Children’s hospitals support legislation advancing care for children with complex medical conditions in Medicaid
WASHINGTON, D.C. — Yesterday, lead cosponsors Sens. Charles Grassley, R-Iowa, and Michael Bennet, D-Colo., introduced the bipartisan Advancing Care for Exceptional (ACE) Kids Act of 2017 (S. 428) in the U.S. Senate. Sens. Grassley and Bennet were joined by original cosponsors Sens. Rob Portman, R-Ohio, Kamala Harris, D-Calif., Roy Blunt, R-Mo., Bill Nelson, D-Fla., Sherrod Brown, D-Ohio, Cory Gardner, R-Colo., and Patty Murray, D-Wash. This legislation follows the ACE Kids Act of 2015, which achieved strong bipartisan support in both the House and Senate.
The ACE Kids Act of 2017 is an innovative solution to improve the Medicaid program for an important subset of Medicaid beneficiaries. The legislation aims to better coordinate care for children with complex medical conditions in Medicaid, ensuring optimal outcomes while reducing costs.
Of the more than 30 million children covered by Medicaid nationwide, 2 million have complex medical conditions, conditions such as cancer, cystic fibrosis and serious congenital heart defects. These children face documented gaps in care, especially when crossing state lines to access specialized services. Medicaid’s state-by-state variability creates a fragmented and unnecessarily burdensome system lacking in care coordination, quality measures and cost containment.
“The ACE Kids Act of 2017 will help millions of families across the nation better coordinate care for their children,” says Madeline Bell, president and chief executive officer of the Children’s Hospital of Philadelphia and Chair of the Board of Trustees for the Children’s Hospital Association. “We thank Sens. Grassley and Bennet and all of the cosponsors for their steadfast commitment to transforming care for children.”

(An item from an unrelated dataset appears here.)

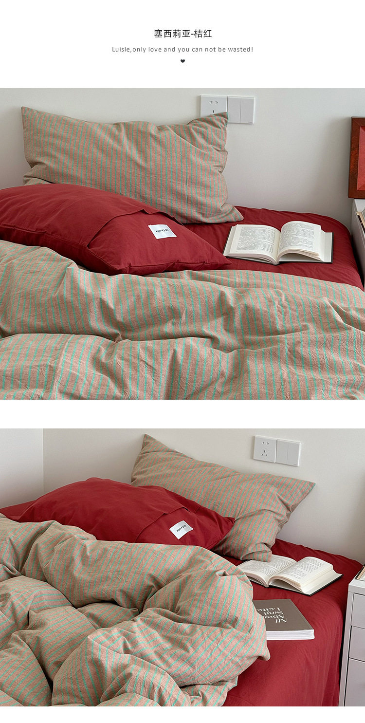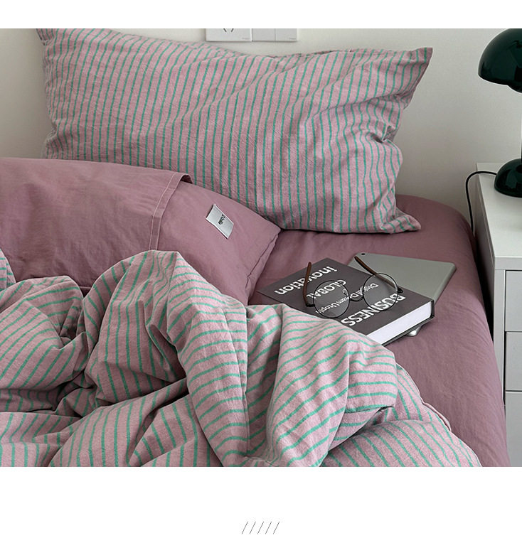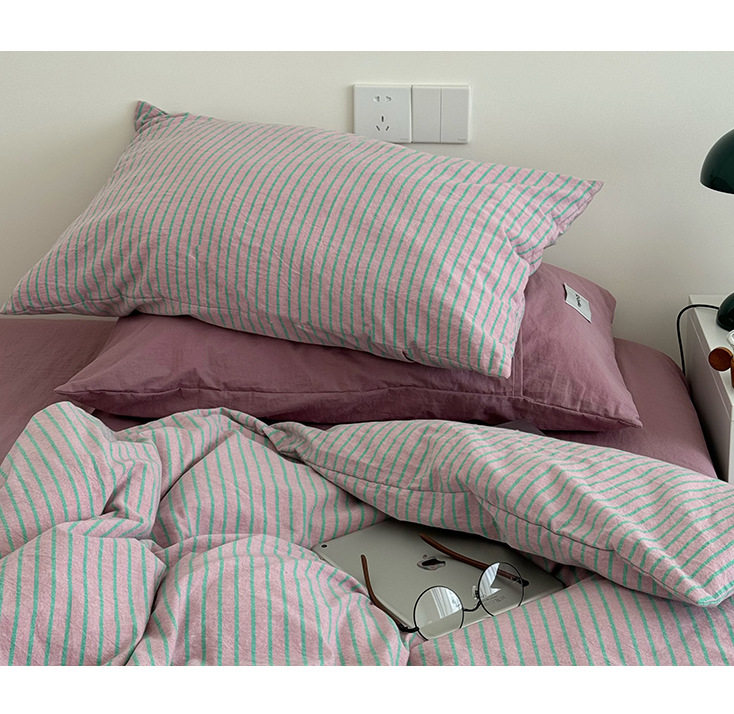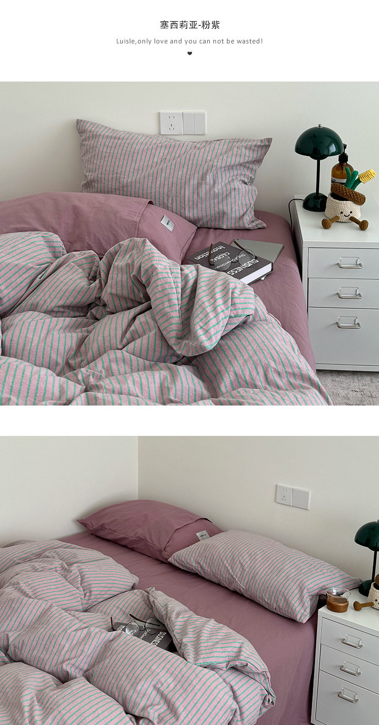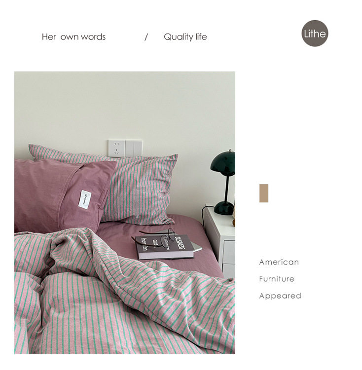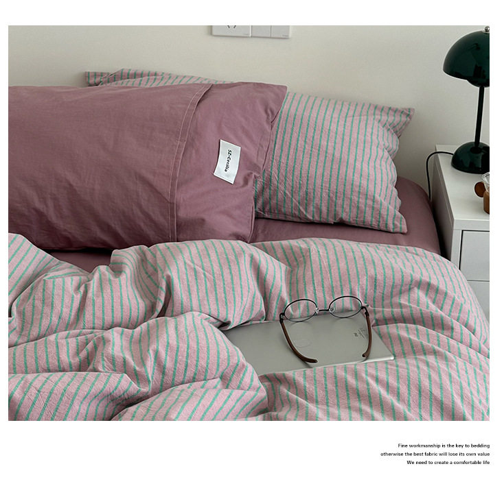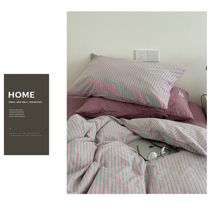 Wholesale Ins Japanese Simple Mix and Match Stripesd Cotton Four-Piece Set Scandinavian Style Cotton Yarn-Dyed Washed Cotton Four-Piece Set

Children with complex medical conditions make up just 6 percent of children on Medicaid, but account for 40 percent of all Medicaid spending on children — their unique needs often require ongoing and specialized care. This legislation addresses existing challenges identified by families and physicians, including the coordination of care across multiple providers and services, and easing of access to out-of-state care.
The ACE Kids Act of 2017 would be optional for states and would work within the existing structure of a state’s Medicaid program, including those states with Medicaid managed care.